Вторая отличительная черта этого удивительного артиста – это его обреченная молодость и влюбленность. Особенно влюбленность восемнадцатого века, легкая, сладостная и сентиментальная (Критика, с. 442)[893].

Впрочем, последняя цитата исчерпывающе описывает также художественную атмосферу и прагматику повести Ракова.

Обращение к наследию Кузмина было стимулировано в первую очередь общим прошлым, которое с ним разделяли Раков и Петров. Однако если внимательнее присмотреться к незначительным проявлениям, своего рода «подземным ручьям» непредставленной в публичном пространстве 1930–1960-х годов культуры, становится заметным более широкое влияние личности и творчества Кузмина на ее представителей. Это влияние не ограничивалось только текстами: ни Раков, ни Петров не делали попыток опубликовать свои произведения, написанные после 1930-х годов. В отсутствие опосредованной передачи знания о литературной культуре начала XX века в общем и о кузминском творчестве в частности возрастала роль непосредственных контактов.

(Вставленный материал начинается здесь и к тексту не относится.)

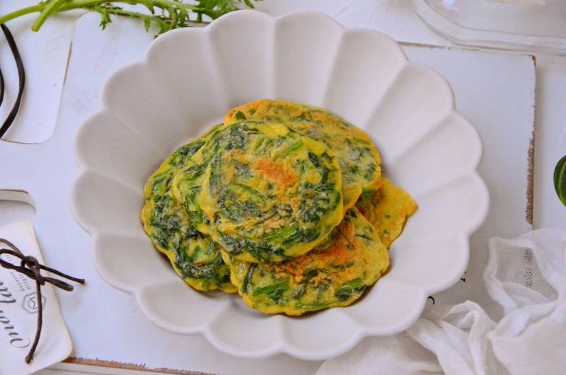 茼蒿的用量可以随自己喜好酌情调整,但不宜过多,以免难以成型。调料用量可以根据自己喜好酌情增减。煎烙时火不宜太大,以防焦糊。
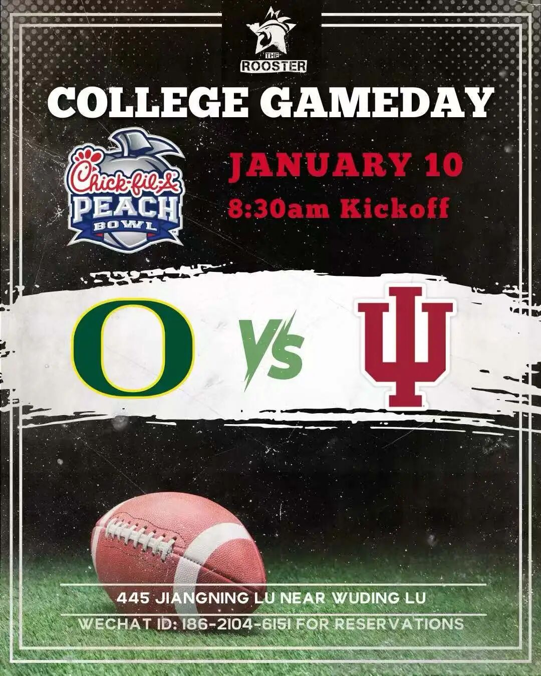 The Rooster will be open Saturday and Sunday morning for the College Football Playoffs, screened live with full sound. Kitchen and bar will be open.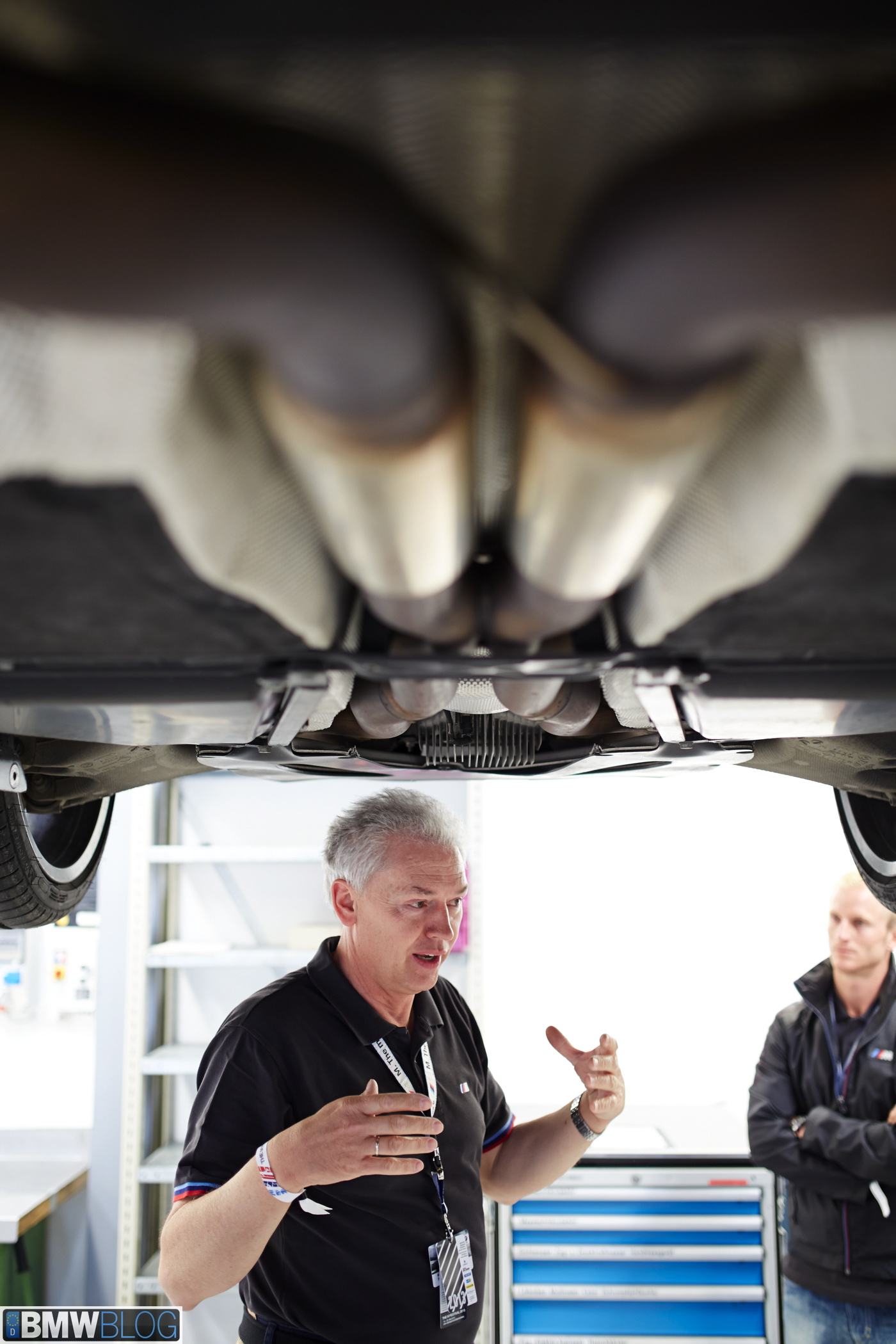 While under the car we took a closer look also at the sport exhaust system featuring customary M twin tailpipes in black chrome. An interesting tidbit that came out of the workshop is the process of replacing the ceramic brakes. Compared to “regular” brakes, the ceramic brakes give no physical indication when they need to be replaced. The brakes need to be weighted and if the difference in weight is above 140 grams compares to its original state, the mechanics will have to replace them. Biermann also said that despite the high price on the ceramic brakes many German customers have been ordering them in order to cope with the 300 km/h speeds on the Autobahn.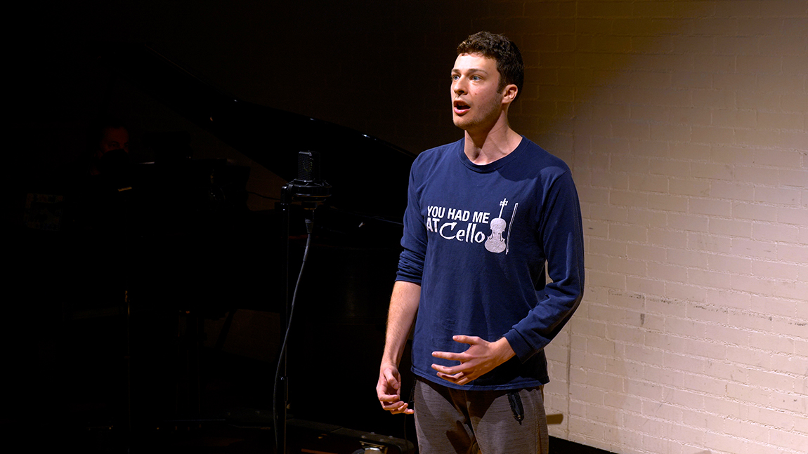 Will Howitt ’23 performs his song cycle “Squeeze Her Hand.”“Tell Me About You: Reprise” starts slowly, with Will Howitt’s baritone voice echoing off the walls of the Recital Hall.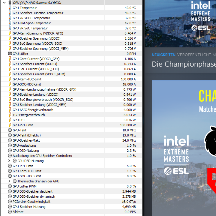 Extrem ist es bei der Updateinfo zu Vampire Survivor. Beispiele populärer Spiele: Bei Witcher 3 ist es ähnlich, CS:GO hat überhaupt keine Auslastung. Der Mauszeiger muss sich auf dem Update Screen/Steam befinden. Befindet man sich zB mit der Maus auf der Taskleiste, reduziert sich die Auslastung auf ein Minimum. Mit der iGPU der CPU verhält sich alles normal – das System ist flüsterleise.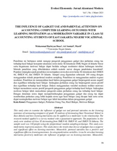 MUHAMMAD BACHRYAN IHSAN. Pengaruh Penggunaan Gadget dan Perhatian Orang Tua Terhadap Hasil Belajar Komputer Akuntansi dengan Motivasi Belajar Sebagai Variabel Moderasi Pada Siswa Kelas XI Akuntansi SMK Negeri Jakarta Timur. Skripsi. Jakarta. Program Studi Pendidikan Ekonomi Konsentrasi Pendidikan Akuntansi. Fakultas Ekonomi dan Bisnis. Universitas Negeri Jakarta. 2025. Penelitian ini bertujuan untuk menguji pengaruh penggunaan gadget dan perhatian orang tua terhadap hasil belajar komputer akuntansi siswa kelas XI Akuntansi SMK Negeri di Jakarta Timur serta bagaimana motivasi belajar dapat berlaku sebagai moderator dalam hubungan tersebut. Metode penelitian yang diberlakukan adalah metode survei dengan pendekatan kuantitatif. Populasi terjangkau pada penelitian ini merupakan siswa dan siswi kelas XI Akuntansi dari SMKN 46, SMKN 48, dan SMKN 50 Jakarta. Sampel yang digunakan sebanyak 140 orang dengan menggunakan teknik proportional random sampling. Penelitian ini menggunakan analisis regresi moderasi. Penelitian ini menunjukkan hasil bahwa penggunaan gadget berpengaruh secara negatif dan signifikan terhadap hasil belajar. Sedangkan perhatian orang tua berpengaruh secara positif dan signifikan terhadap hasil belajar. Dalam menggunakan variabel moderasi terlihat motivasi belajar memoderasi secara positif pengaruh penggunaan gadget terhadap hasil belajar. Sedangkan motivasi belajar tidak memoderasi pengaruh antara perhatian orang tua terhadap hasil belajar. Dengan demikian siswa dapat mempertimbangkan penggunaan gadget dan orang tua dapat memberikan perhatian yang lebih kepada siswa agar hasil belajar yang dicapai baik serta siswa dapat meningkatkan motivasi belajar agar tidak kecanduan dalam penggunaan gadget. Kata kunci: penggunaan gadget, perhatian orang tua, hasil belajar, motivasi belajar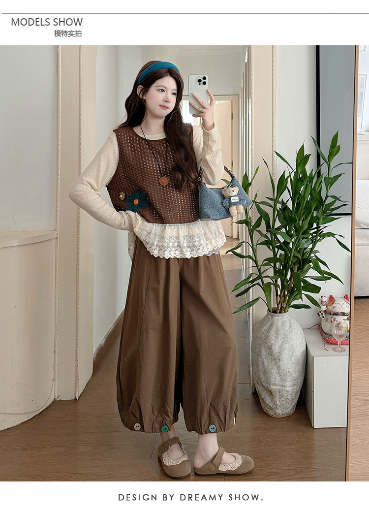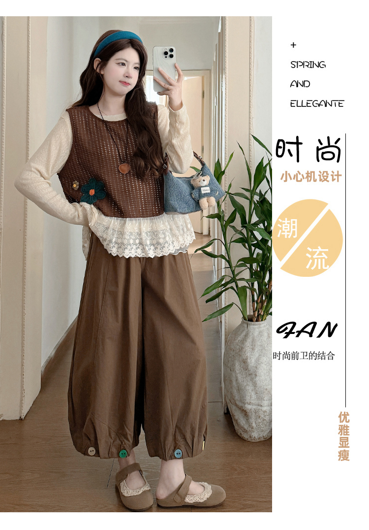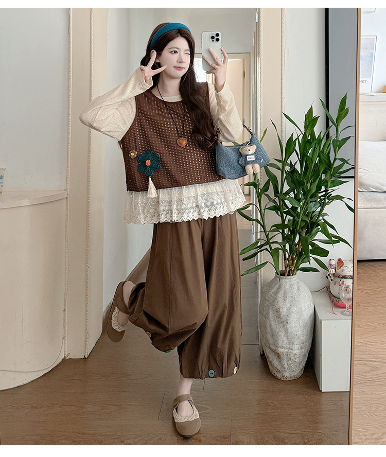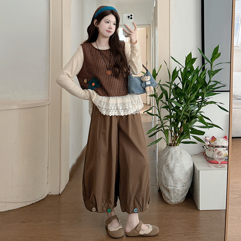 실사 xian 물품 봄 한국 스타일 패치워크 레이스 맨위 홀로우 아웃 베스트 와이드 레그 팬츠 돼지 코 버클 3종 세트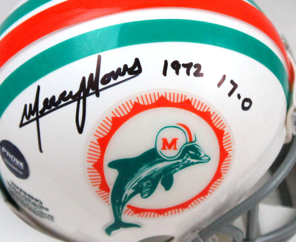 Mercury Morris Autographed MIami Dolphins 1972 Mini Helmet w/Insc.-Prova This is a hand autographed Mini Helmet of Mercury Morris of the Miami Dolphins. This is a Riddell 1972 Miami Dolphins Football Mini Helmet. This item has a Prova Authentication, which comes with a Prova numbered sticker. You can view this item on the Prova Authentication website, it shows when and where the item was signed. It was signed either at a public autograph appearance or a Private Signing. This is a stock photo of the item. Although you may not receive this exact item, the item you receive is virtually identical and brand new in great shape.

Оказавшись в роли наследников эпохи, бывшие посетители кузминского дома транслировали модель объединения, усвоенную от своего мэтра. Почти каждый обозначенный нами посетитель дома Кузмина, переживший войну и репрессии, стал центром уже своего домашнего кружка, объединившего молодых поэтов, филологов, искусствоведов, интересующихся культурой начала века. В первую очередь это справедливо по отношению к Егунову и Лихачеву: их дома стали неформальными центрами для ленинградских поэтов и филологов 1960-х годов (Л. Н. Черткова, Т. Л. Никольской, Анри Волохонского, А. К. Гаврилова, А. В. Лаврова и др.). Раков стал патроном фотографа и поэта Е. М. Шадрова (писавшего под псевдонимом Игорь Нерцев). О посещении Петрова Н. И. Николаев оставил такие воспоминания:

С конца 1960-х мы ходили к замечательному искусствоведу Всеволоду Николаевичу Петрову <…> В одну из последних встреч, весной 1978 года (вскоре Всеволода Николаевича не стало), я привел к нему А. Миронова, чтобы послушать «Фонтанный Дом». <…> Когда А. Миронов прочитал, Вс. Н. вдруг встал, ни слова не говоря подошел к письменному столу у окна, взял листки и, вернувшись, прочитал отрывок – страничку – из «Фонтанного Дома», где он описывает свое впечатление от первой встречи с Анной Ахматовой. Это место он всякий раз читал с необыкновенным волнением, которое передавалось слушателям…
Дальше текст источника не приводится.